Dataset records

^^^^^^^^^^^^^^^^

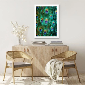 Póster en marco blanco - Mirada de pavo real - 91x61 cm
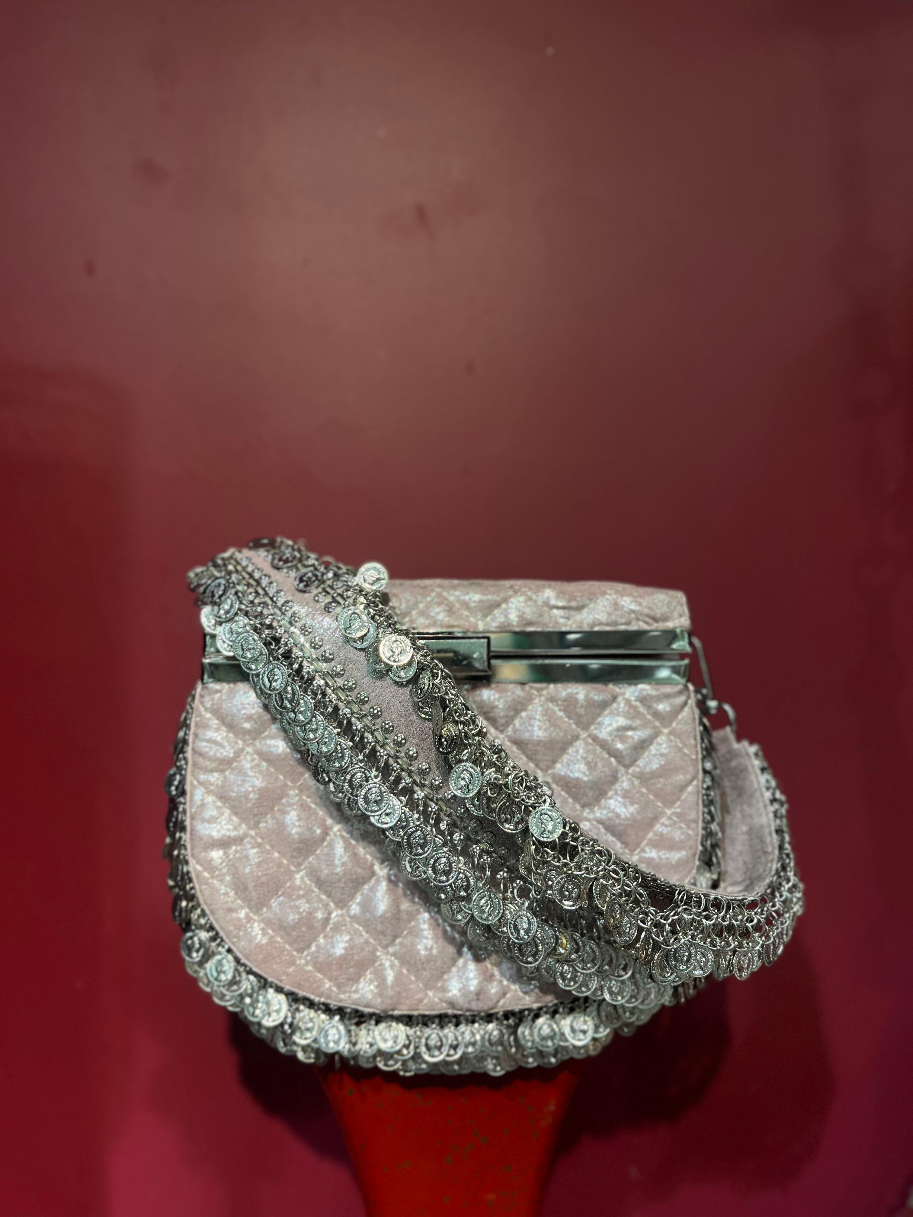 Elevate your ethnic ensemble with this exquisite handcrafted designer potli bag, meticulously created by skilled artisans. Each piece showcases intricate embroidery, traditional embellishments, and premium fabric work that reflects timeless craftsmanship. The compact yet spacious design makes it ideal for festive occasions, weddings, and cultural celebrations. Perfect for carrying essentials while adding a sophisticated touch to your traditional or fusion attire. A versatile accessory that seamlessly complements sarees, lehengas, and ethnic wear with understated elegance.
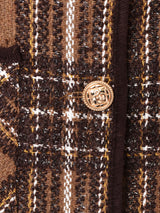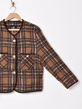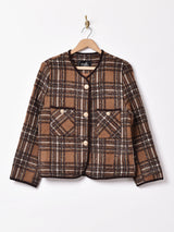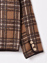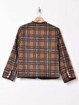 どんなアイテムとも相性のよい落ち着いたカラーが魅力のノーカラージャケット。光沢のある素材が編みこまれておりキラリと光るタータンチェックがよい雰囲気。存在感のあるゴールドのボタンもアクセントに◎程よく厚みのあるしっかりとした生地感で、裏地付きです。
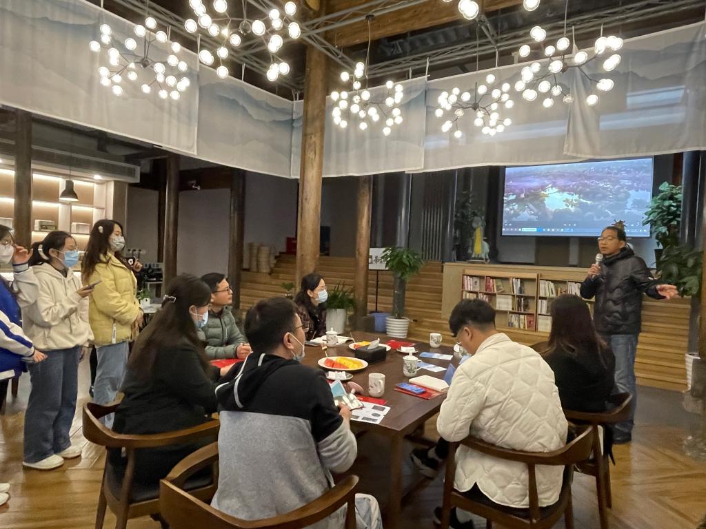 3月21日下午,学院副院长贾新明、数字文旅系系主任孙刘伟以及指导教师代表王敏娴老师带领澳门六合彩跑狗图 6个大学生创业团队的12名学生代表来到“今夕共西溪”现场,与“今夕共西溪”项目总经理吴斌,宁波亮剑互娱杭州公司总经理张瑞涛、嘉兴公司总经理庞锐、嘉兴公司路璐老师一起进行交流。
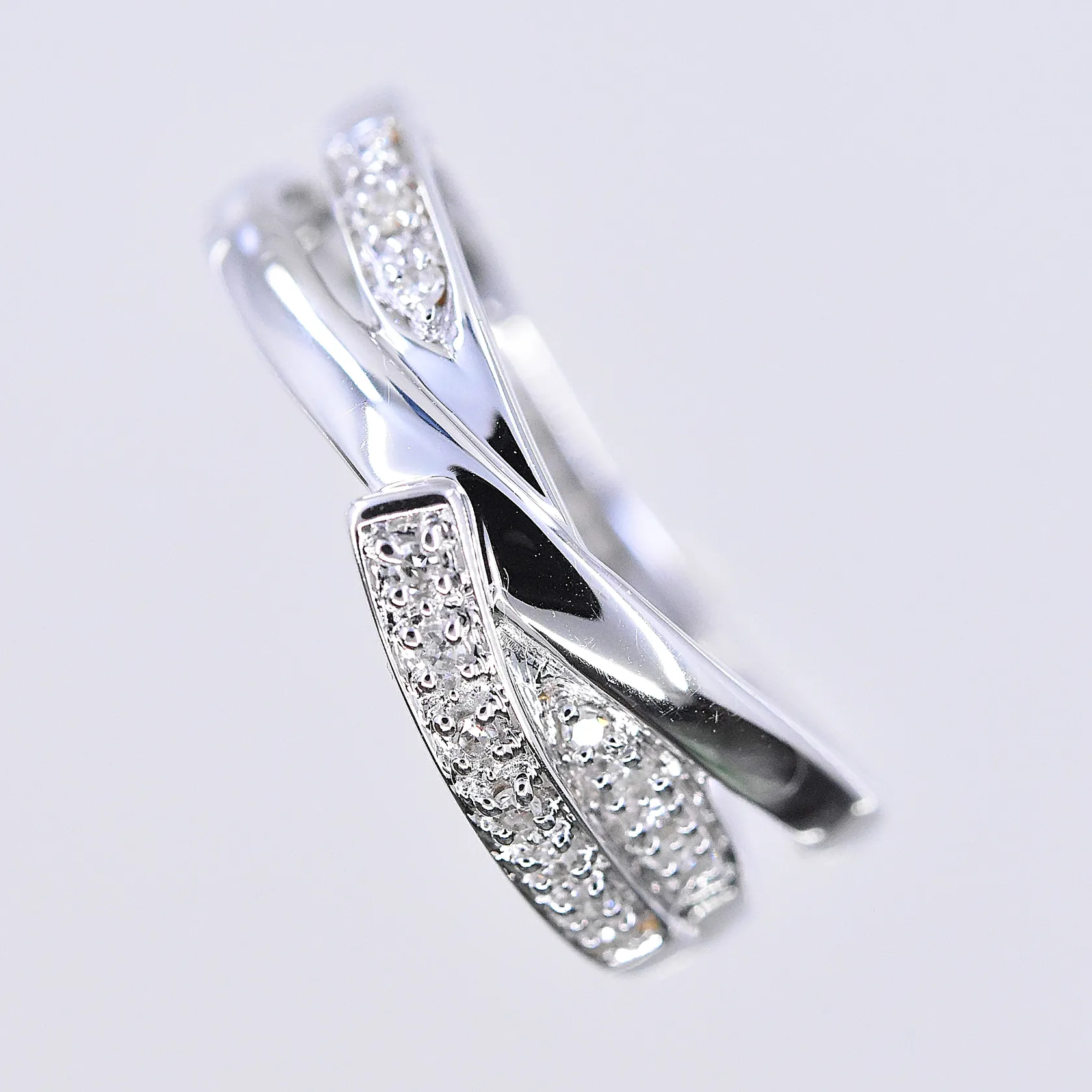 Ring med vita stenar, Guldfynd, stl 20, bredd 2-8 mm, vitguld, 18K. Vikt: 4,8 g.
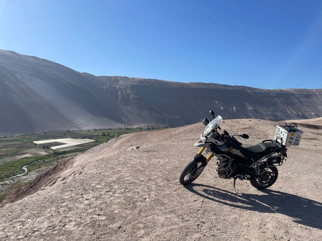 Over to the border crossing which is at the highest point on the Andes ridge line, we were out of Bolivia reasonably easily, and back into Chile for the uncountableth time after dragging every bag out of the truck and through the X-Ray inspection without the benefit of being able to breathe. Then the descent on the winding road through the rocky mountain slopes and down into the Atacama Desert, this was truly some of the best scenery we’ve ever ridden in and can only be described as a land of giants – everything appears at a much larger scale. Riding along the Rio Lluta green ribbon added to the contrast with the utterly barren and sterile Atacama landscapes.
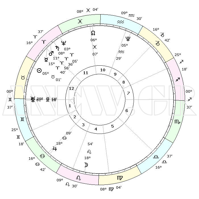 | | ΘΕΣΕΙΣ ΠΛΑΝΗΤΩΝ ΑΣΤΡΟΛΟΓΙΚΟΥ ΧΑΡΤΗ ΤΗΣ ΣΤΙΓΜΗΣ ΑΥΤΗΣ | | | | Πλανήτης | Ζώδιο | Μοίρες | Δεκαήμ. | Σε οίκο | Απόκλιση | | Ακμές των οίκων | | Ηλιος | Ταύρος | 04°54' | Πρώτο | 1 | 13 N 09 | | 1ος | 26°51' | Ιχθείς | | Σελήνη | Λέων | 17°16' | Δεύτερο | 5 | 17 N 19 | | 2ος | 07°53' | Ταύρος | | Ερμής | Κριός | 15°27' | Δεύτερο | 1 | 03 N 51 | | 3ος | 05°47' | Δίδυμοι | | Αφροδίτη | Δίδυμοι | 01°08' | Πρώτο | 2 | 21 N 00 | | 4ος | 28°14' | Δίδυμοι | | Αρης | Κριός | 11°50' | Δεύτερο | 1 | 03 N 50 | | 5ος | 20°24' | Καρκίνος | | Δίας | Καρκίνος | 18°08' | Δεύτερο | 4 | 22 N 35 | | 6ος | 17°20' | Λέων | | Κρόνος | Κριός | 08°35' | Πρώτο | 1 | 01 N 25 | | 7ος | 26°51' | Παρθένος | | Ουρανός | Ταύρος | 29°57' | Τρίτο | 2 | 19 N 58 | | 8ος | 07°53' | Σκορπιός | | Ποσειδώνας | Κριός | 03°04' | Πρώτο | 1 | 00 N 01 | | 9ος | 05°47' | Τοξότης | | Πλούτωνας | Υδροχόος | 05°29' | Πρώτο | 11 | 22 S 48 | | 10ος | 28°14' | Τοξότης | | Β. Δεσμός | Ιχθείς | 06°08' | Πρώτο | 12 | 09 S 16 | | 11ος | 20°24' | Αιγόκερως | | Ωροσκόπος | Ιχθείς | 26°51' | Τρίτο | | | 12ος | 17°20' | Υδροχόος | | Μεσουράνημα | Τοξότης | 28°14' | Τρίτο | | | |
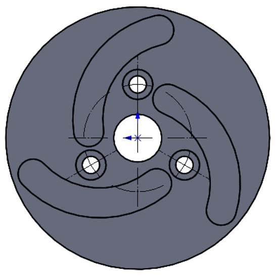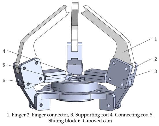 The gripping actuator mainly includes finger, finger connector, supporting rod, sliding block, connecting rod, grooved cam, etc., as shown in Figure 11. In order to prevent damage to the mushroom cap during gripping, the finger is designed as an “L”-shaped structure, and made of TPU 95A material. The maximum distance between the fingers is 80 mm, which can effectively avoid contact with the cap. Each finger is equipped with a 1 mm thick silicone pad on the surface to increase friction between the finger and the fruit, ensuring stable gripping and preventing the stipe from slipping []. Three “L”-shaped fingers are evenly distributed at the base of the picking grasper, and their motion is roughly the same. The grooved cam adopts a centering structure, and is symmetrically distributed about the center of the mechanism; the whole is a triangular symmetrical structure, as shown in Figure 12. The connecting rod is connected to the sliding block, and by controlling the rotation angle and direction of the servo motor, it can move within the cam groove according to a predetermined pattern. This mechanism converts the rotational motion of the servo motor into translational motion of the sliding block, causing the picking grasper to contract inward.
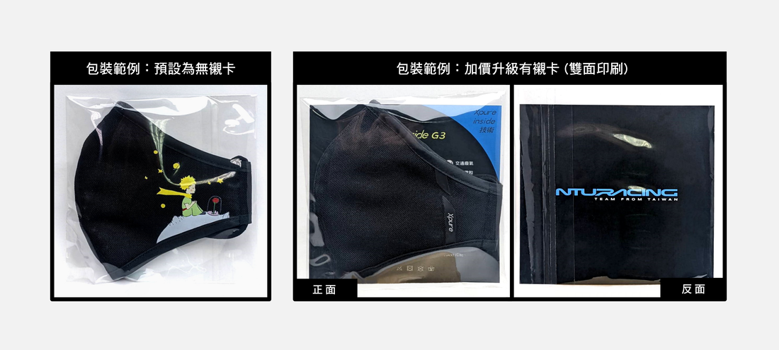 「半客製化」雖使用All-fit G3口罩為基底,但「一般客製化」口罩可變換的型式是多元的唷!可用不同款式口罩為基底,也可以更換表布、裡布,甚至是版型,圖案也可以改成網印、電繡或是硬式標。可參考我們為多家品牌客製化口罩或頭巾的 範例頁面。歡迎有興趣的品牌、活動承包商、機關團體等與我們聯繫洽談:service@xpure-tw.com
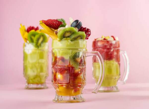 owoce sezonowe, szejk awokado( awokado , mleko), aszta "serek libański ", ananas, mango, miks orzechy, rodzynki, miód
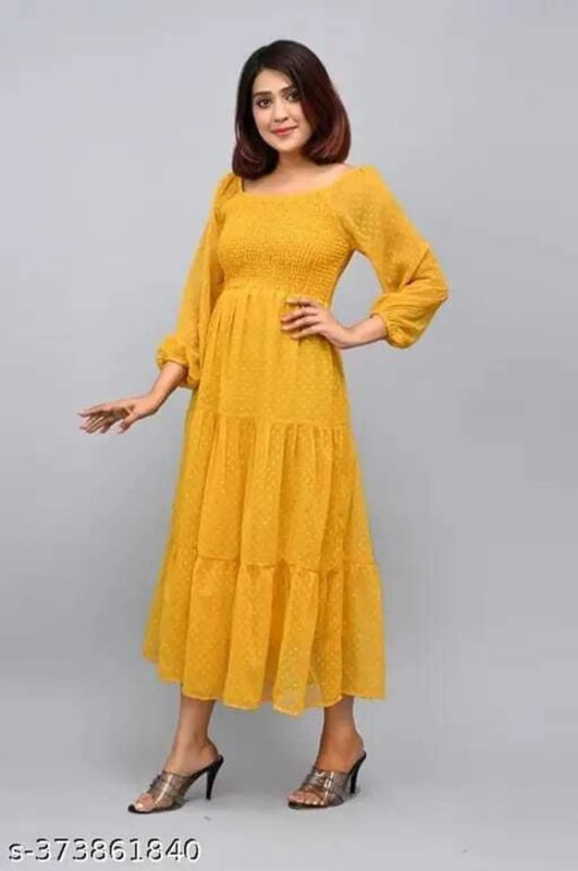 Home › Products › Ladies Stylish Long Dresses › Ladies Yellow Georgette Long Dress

^^^^^^^^^^^^^^^^

Activity:
Pictures are to be excluded; the records themselves are to be reproduced exactly.

Reply:
 Póster en marco blanco - Mirada de pavo real - 91x61 cm
 Elevate your ethnic ensemble with this exquisite handcrafted designer potli bag, meticulously created by skilled artisans. Each piece showcases intricate embroidery, traditional embellishments, and premium fabric work that reflects timeless craftsmanship. The compact yet spacious design makes it ideal for festive occasions, weddings, and cultural celebrations. Perfect for carrying essentials while adding a sophisticated touch to your traditional or fusion attire. A versatile accessory that seamlessly complements sarees, lehengas, and ethnic wear with understated elegance.
 どんなアイテムとも相性のよい落ち着いたカラーが魅力のノーカラージャケット。光沢のある素材が編みこまれておりキラリと光るタータンチェックがよい雰囲気。存在感のあるゴールドのボタンもアクセントに◎程よく厚みのあるしっかりとした生地感で、裏地付きです。
 3月21日下午,学院副院长贾新明、数字文旅系系主任孙刘伟以及指导教师代表王敏娴老师带领澳门六合彩跑狗图 6个大学生创业团队的12名学生代表来到“今夕共西溪”现场,与“今夕共西溪”项目总经理吴斌,宁波亮剑互娱杭州公司总经理张瑞涛、嘉兴公司总经理庞锐、嘉兴公司路璐老师一起进行交流。
 Ring med vita stenar, Guldfynd, stl 20, bredd 2-8 mm, vitguld, 18K. Vikt: 4,8 g.
 Over to the border crossing which is at the highest point on the Andes ridge line, we were out of Bolivia reasonably easily, and back into Chile for the uncountableth time after dragging every bag out of the truck and through the X-Ray inspection without the benefit of being able to breathe. Then the descent on the winding road through the rocky mountain slopes and down into the Atacama Desert, this was truly some of the best scenery we’ve ever ridden in and can only be described as a land of giants – everything appears at a much larger scale. Riding along the Rio Lluta green ribbon added to the contrast with the utterly barren and sterile Atacama landscapes.
 | | ΘΕΣΕΙΣ ΠΛΑΝΗΤΩΝ ΑΣΤΡΟΛΟΓΙΚΟΥ ΧΑΡΤΗ ΤΗΣ ΣΤΙΓΜΗΣ ΑΥΤΗΣ | | | | Πλανήτης | Ζώδιο | Μοίρες | Δεκαήμ. | Σε οίκο | Απόκλιση | | Ακμές των οίκων | | Ηλιος | Ταύρος | 04°54' | Πρώτο | 1 | 13 N 09 | | 1ος | 26°51' | Ιχθείς | | Σελήνη | Λέων | 17°16' | Δεύτερο | 5 | 17 N 19 | | 2ος | 07°53' | Ταύρος | | Ερμής | Κριός | 15°27' | Δεύτερο | 1 | 03 N 51 | | 3ος | 05°47' | Δίδυμοι | | Αφροδίτη | Δίδυμοι | 01°08' | Πρώτο | 2 | 21 N 00 | | 4ος | 28°14' | Δίδυμοι | | Αρης | Κριός | 11°50' | Δεύτερο | 1 | 03 N 50 | | 5ος | 20°24' | Καρκίνος | | Δίας | Καρκίνος | 18°08' | Δεύτερο | 4 | 22 N 35 | | 6ος | 17°20' | Λέων | | Κρόνος | Κριός | 08°35' | Πρώτο | 1 | 01 N 25 | | 7ος | 26°51' | Παρθένος | | Ουρανός | Ταύρος | 29°57' | Τρίτο | 2 | 19 N 58 | | 8ος | 07°53' | Σκορπιός | | Ποσειδώνας | Κριός | 03°04' | Πρώτο | 1 | 00 N 01 | | 9ος | 05°47' | Τοξότης | | Πλούτωνας | Υδροχόος | 05°29' | Πρώτο | 11 | 22 S 48 | | 10ος | 28°14' | Τοξότης | | Β. Δεσμός | Ιχθείς | 06°08' | Πρώτο | 12 | 09 S 16 | | 11ος | 20°24' | Αιγόκερως | | Ωροσκόπος | Ιχθείς | 26°51' | Τρίτο | | | 12ος | 17°20' | Υδροχόος | | Μεσουράνημα | Τοξότης | 28°14' | Τρίτο | | | |
 The gripping actuator mainly includes finger, finger connector, supporting rod, sliding block, connecting rod, grooved cam, etc., as shown in Figure 11. In order to prevent damage to the mushroom cap during gripping, the finger is designed as an “L”-shaped structure, and made of TPU 95A material. The maximum distance between the fingers is 80 mm, which can effectively avoid contact with the cap. Each finger is equipped with a 1 mm thick silicone pad on the surface to increase friction between the finger and the fruit, ensuring stable gripping and preventing the stipe from slipping []. Three “L”-shaped fingers are evenly distributed at the base of the picking grasper, and their motion is roughly the same. The grooved cam adopts a centering structure, and is symmetrically distributed about the center of the mechanism; the whole is a triangular symmetrical structure, as shown in Figure 12. The connecting rod is connected to the sliding block, and by controlling the rotation angle and direction of the servo motor, it can move within the cam groove according to a predetermined pattern. This mechanism converts the rotational motion of the servo motor into translational motion of the sliding block, causing the picking grasper to contract inward.
 「半客製化」雖使用All-fit G3口罩為基底,但「一般客製化」口罩可變換的型式是多元的唷!可用不同款式口罩為基底,也可以更換表布、裡布,甚至是版型,圖案也可以改成網印、電繡或是硬式標。可參考我們為多家品牌客製化口罩或頭巾的 範例頁面。歡迎有興趣的品牌、活動承包商、機關團體等與我們聯繫洽談:service@xpure-tw.com
 owoce sezonowe, szejk awokado( awokado , mleko), aszta "serek libański ", ananas, mango, miks orzechy, rodzynki, miód
 Home › Products › Ladies Stylish Long Dresses › Ladies Yellow Georgette Long Dress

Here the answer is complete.